Low-pass filter in carrier modulation and demodulation

I'm designing a project in which an array is passed through quadrature amplitude modulation (QAM) modulator, and then do carrier modulation, make it playable with the sound() command, then demodulate it back for QAM demodulation.
Firstly, I have used the standard way of QAM modulation:
M = 16;
x = randint(5000, 1, M);
y = modulate(modem.qammod(M), x);
Then, I wrote my own carrier modulation function:
function [out] = carriermodulation(x)
fs = 16000;
T = 1.0 / 4000;
fc = 8000;
Q = real(x);
I = imag(x);
t = 0:T:(size(x))*T;
C1 = zeros(size(x), 1);
C2 = zeros(size(x), 1);
for i = 1:size(x)
C1(i) = I(i)*sin(2*pi*(fc)*t(i));
C2(i) = Q(i)*sin(2*pi*fc*t(i) + pi/2);
end
out = C1 + C2;
No problem so far. But when I was done with my demodulation function, I found that the result is different from the original value (the QAM modulator output).
function [out] = carrierdemodulation(x)
fs = 16000;
T = 1.0 / 4000;
fc = 8000;
t = 0:T:(size(x))*T;
A1 = zeros( size(x), 1);
A2 = zeros( size(x), 1);
for i = 1:size(x)
A1(i) = x(i)*sin( 2*pi*(fc)*t(i));
A2(i) = x(i)*cos( 2*pi*(fc)*t(i));
end
A1 = sqrt(A1);
A2 = sqrt(A2);
out = A1 + A2;
I think my modulation part is right. The only problem I think I have is I don't have a low-pass filter (LPF) for the demodulation. And I should not calculate A1 and A2 directly. How do I to add an LPF to my demodulation code such that the output is the same as the original?

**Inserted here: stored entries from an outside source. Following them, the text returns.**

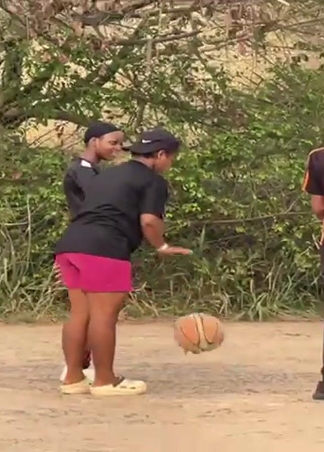 Three people are on a dirt basketball court. A person in a black t-shirt and pink shorts with a black baseball cap is dribbling a basketball. To her right is a person in a black t-shirt with white and blue markings on the chest and shoulders, and blue shorts. Behind them and to the right of the first person is a person in a black t-shirt with orange markings. The court is surrounded by green shrubbery.
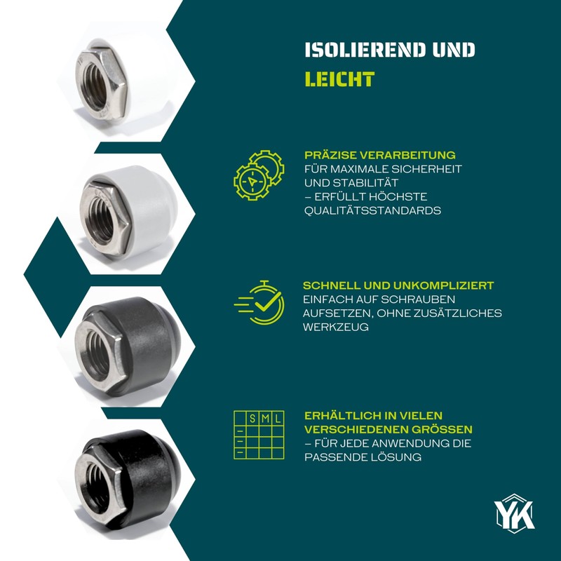 - VERSATILE PROTECTION - Perfect fit for hex bolts & nuts. Protect your screw connections from rust & dirt - suitable for horticulture, furniture, fences & vehicle parts.
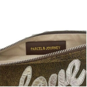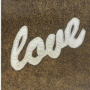 Distressed Leather Clutch with script "LOVE" in silver metallic leather on front

You need a low-pass filter at the receiver after coherent demodulation, that's right. But there's also a problem with your modulation. In your example, the symbol rate Rs is less than the angular carrier frequency w_c which potentially causes overlapping of spectra at the receiver. Consequently, reconstruction of the information signal will be impossible. Additionaly, in your example fc * T = 2. That means that the argument of the sine function is an integer multiple of 2pi and therefore always zero.

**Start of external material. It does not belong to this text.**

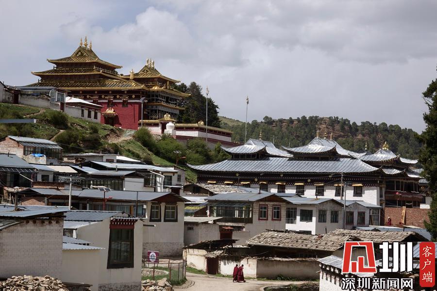 鎮(zhèn)內(nèi)的主要街道分屬兩省管轄。南北兩端,幾百米之內(nèi),有兩座壯觀宏大的寺院建筑群隔“江”(白龍江源流)相望,甘肅境內(nèi)是“賽赤寺”。四川境內(nèi)有“格爾底寺”。李仁奇攝

What you need is an impulse shaper (can be implemented as a low-pass filter) at the transmitter with bandwidth w_g >= R/2. It should be a so-called Nyquist lowpass. The carrier frequency must satisfy w_c > w_g.

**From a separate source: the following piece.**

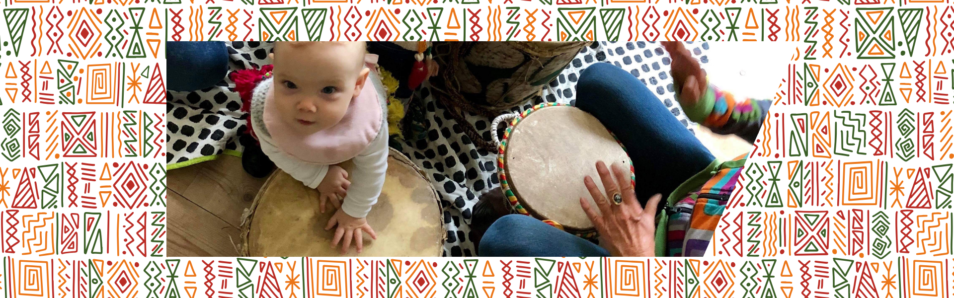 Vi sidder på gulvet, og det myldrer med trommer, rytmeinstrumenter, skåle til at spille i, små dansebælter mm, som vi boltrer os i.

I've written a MATLAB script that does impulse shaping, modulation, demodulation, filtering and sampling, so that the transmitted signal can be reconstructed.
First we define the parameters, create random bits and do the mapping as you've already done. Than a very simple impulse response for impulse shaping is used, namely a rectangular impulse. In the real world we're going from digital to analog domain here, but as this is a computer model, we represent the analog signal by a discrete one with sampling frequency f_s. The impulse shaper is simple, because it just repeats each sample L times.
M = 16; % QAM order
fs = 16000; % Sampling frequency in Hz
Ts = 1/fs; % Sampling interval in s
fc = 1000; % Carrier frequency in Hz (must be < fs/2 and > fg)
Rs = 100; % Symbol rate
Ns = 20; % Number of symbols
x = randint(Ns, 1, M);
y = modulate(modem.qammod(M), x);
L = fs / Rs; % Oversampling factor
% Impulse shaping
y_a = reshape(repmat(y', L, 1), 1, length(y)*L);
Now modulation. I used a carrier frequency that satisfies the above conditions: it's higher than the signal bandwidth and can still be represented with the sampling frequency used.
%% Modulation
I = real(y_a);
Q = imag(y_a);
t = 0 : Ts : (length(y_a) - 1) * Ts;
C1 = I .* sin(2*pi * fc * t);
C2 = Q .* cos(2*pi * fc * t);
s = C1 + C2;
Demodlation is straightforward...
%% Demodulation
r_I = s .* sin(2*pi * fc * t);
r_Q = s .* -cos(2*pi * fc * t);
To remove the spectral tributaries at 2f_c after demodulation a low-pass filter is required. I used the MATLAB FDATool to create the filter and part of the following code. Remember: the signal bandwidth is Rs/2, and the unwanted tributaries begin at 2*fc - Rs/2. This is how Fpass and Fstop are found. (It might be useful to relax these requirements a little bit.)
%% Filter
% Design filter with least-squares method
N = 50; % Order
Fpass = Rs/2; % Passband Frequency
Fstop = 2*fc - Rs/2; % Stopband Frequency
Wpass = 1; % Passband Weight
Wstop = 1; % Stopband Weight
% Calculate the coefficients using the FIRLS function.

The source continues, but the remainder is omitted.